A regional VC-backed startup selling itself to a bigger rival for billions of dollars is usually viewed as a big win in itself: The founders get a windfall, while investors are rewarded for their show of faith.
But Careem CEO and cofounder Mudassir Sheikha hopes that selling his ride-hailing company to Uber for north of $3.1 billion will deliver much more than a big payday — he views the transaction as a “lift-off moment for the region,” one that could put the Middle East’s startups on international investors’ radar.
“Every ecosystem needs a landmark transaction, and we hope this will be ours,” Sheikha said in an open letter to Careem’s workforce today.
The story so far
Founded in 2012, Dubai-based Careem today claims more than 30 million users across 14 markets, with a strong focus on the Middle East. And the company had raised around $770 million before Uber came a-callin’.
Reports that Uber was looking at a merger with Careem surfaced last July, and Uber was rumored to be in advanced talks to buy Careem outright last month. Last weekend, reports that a deal was soon to be announced intensified, culminating in yesterday’s confirmation from Uber.
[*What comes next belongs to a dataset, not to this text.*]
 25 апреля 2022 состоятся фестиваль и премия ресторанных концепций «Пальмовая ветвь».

In effect, this deal was the better part of a year in the making — and it might not have happened at all were it not for Uber CEO Dara Khosrowshahi’s inclusive attitude and “empowering leadership style,” as Sheikha puts it. Careem was initially hesitant to join forces with Uber, but Khosrowshahi’s willingness to allow Careem to retain its own brand and identity and essentially continue normal operations was key to sealing the deal.
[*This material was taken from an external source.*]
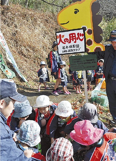 天候に恵まれ、穏やかな陽気となった当日は、子どもたちが「火の用心」と書かれた揃いのはっぴを着て参加。土を掘る際の注意事項や、山火事防止看板を設置する理由が説明されたあと、スコップを手に取り、土を掘る作業に取りかかった。その後、職員らによって看板が設置されると、子どもたちからは歓声が上がった。

“At first, the Uber option did not make much sense to us,” Sheikha said. “Yet over many talks with Dara, we developed a stronger relationship with him and his team — it felt different. It was clear they had a deeper appreciation of the platform opportunity in markets like the Middle East and had realized that capturing the opportunity would most likely require a focused local operator.”
So rather than following the well-worn route of Silicon Valley companies wresting control of a company from its local founders, Khosrowshahi chose not to mess with the elements that had created Careem’s success — the local knowledge and experience of its team.
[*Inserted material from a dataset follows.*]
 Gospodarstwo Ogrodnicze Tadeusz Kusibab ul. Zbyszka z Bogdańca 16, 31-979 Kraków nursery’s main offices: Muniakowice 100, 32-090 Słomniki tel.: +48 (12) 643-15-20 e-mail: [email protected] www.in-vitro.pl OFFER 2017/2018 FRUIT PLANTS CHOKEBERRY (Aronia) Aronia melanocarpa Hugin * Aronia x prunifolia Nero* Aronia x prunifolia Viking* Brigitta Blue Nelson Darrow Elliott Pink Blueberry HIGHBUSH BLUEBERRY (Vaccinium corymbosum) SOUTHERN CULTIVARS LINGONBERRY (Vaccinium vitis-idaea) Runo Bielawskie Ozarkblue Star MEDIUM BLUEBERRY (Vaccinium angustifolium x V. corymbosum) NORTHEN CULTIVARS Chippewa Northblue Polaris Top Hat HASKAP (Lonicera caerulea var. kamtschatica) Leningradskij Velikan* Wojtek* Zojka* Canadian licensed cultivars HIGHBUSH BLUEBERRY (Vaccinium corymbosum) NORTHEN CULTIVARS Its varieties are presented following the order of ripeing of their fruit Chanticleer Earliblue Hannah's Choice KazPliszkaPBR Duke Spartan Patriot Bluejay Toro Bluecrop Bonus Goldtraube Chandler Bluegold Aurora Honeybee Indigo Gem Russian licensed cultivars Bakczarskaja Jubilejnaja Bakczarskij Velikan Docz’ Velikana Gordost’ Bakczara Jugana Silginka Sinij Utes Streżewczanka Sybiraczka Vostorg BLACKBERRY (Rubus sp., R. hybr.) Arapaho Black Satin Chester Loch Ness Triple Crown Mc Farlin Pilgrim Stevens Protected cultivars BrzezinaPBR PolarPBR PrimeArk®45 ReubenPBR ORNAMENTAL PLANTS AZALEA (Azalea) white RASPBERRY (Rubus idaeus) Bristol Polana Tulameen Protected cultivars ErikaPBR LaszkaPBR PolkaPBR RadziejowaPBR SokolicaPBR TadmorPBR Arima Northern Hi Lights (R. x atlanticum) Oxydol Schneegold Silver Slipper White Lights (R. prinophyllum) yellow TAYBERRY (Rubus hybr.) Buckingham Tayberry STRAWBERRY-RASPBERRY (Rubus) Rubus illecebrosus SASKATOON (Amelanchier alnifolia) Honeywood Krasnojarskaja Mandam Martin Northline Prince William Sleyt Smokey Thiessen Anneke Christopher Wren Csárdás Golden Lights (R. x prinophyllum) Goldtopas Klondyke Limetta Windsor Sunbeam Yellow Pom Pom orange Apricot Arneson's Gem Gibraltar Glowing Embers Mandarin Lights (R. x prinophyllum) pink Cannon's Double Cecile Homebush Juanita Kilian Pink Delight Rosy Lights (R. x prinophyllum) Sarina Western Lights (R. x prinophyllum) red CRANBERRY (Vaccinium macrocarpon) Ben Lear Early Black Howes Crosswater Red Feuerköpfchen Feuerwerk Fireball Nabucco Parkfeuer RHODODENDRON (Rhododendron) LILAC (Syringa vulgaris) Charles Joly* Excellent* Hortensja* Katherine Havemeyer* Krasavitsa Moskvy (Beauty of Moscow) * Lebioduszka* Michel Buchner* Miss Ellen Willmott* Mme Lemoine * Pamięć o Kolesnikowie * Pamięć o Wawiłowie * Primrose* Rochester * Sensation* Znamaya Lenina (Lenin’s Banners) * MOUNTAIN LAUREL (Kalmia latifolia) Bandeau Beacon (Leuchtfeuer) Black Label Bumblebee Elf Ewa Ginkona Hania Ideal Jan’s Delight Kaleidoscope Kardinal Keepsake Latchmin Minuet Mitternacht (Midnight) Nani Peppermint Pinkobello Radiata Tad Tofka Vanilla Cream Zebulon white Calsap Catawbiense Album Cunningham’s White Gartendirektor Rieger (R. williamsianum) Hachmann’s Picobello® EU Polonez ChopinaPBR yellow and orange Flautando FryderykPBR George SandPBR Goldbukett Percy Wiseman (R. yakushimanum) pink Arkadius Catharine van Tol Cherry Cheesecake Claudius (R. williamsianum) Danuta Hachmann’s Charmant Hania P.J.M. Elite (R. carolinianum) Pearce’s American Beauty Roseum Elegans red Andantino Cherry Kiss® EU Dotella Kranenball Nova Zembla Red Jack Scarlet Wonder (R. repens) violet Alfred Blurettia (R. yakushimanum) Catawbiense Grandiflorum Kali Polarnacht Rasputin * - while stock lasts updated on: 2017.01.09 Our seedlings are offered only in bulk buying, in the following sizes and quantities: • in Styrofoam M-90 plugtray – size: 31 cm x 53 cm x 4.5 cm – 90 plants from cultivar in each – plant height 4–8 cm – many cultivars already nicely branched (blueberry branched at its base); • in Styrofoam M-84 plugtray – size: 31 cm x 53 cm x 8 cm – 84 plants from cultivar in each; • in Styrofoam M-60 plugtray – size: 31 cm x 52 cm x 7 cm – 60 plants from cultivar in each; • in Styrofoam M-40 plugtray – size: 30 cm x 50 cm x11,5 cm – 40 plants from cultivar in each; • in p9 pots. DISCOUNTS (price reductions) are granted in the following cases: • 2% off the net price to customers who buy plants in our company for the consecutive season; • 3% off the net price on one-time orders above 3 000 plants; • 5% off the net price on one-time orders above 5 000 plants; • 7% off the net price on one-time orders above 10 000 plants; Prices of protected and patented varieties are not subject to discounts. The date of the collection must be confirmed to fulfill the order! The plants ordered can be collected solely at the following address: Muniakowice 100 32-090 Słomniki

“He spoke from a position of respect and focused primarily on how we could join forces to go after the bigger opportunity to transform the region,” Sheikha added.
It’s clear that Careem values the impact it is having in the MENA region (Middle East and North Africa), something Sheikha refers to numerous times in his letter: “Our combined scale and resources means we can simplify and improve the lives of more people in the region.” But beyond the world of ride-hailing and transport logistics, Sheikha wants the Uber deal to kickstart something much bigger.
Excluding Israel, which has traditionally claimed a more mature startup ecosystem, the Middle East isn’t a region that garners headlines for big-buck exits or investments. There have been a few, of course, such as Amazon’s $580 million acquisition of Middle East rival Souq.com in 2017 and Yahoo shelling out a reported $164 million for Jordan’s Maktoob in 2009.
The MENA region is growing in terms of venture capital investment, however. A recent startup funding report found that 2018 heralded a record amount of investment into MENA companies, up 31 percent year-on-year to $893 million. California-based seed fund and accelerator 500 Startups is among the most active investors in the region, certainly in terms of early-stage rounds — just yesterday it closed its first MENA fund at $33 million.
Other notable international investors to enter MENA last year include New York-based General Atlantic, which led a $120 million investment in UAE-based Property Finder in late 2018, and China’s Gobi Partners, which led a $16 million investment in UAE’s Holidayme. Palo Alto’s Accel also invested in Holidayme back in 2016.
MENA startups already have some of the elements needed to flourish, and big exits in the region will only create more millionaires and billionaires, which can lead to more angel investors and further stoke the fire. For now, Sheikha seems content that Careem has helped put MENA in the spotlight, which could lead to more immediate investment opportunities for other companies in the region.
“A transaction of this magnitude puts the region’s emerging technology ecosystem squarely on the map of regional and foreign investors,” Sheikha said. “It will radically and irreversibly enhance the support and funding opportunities for local entrepreneurs.”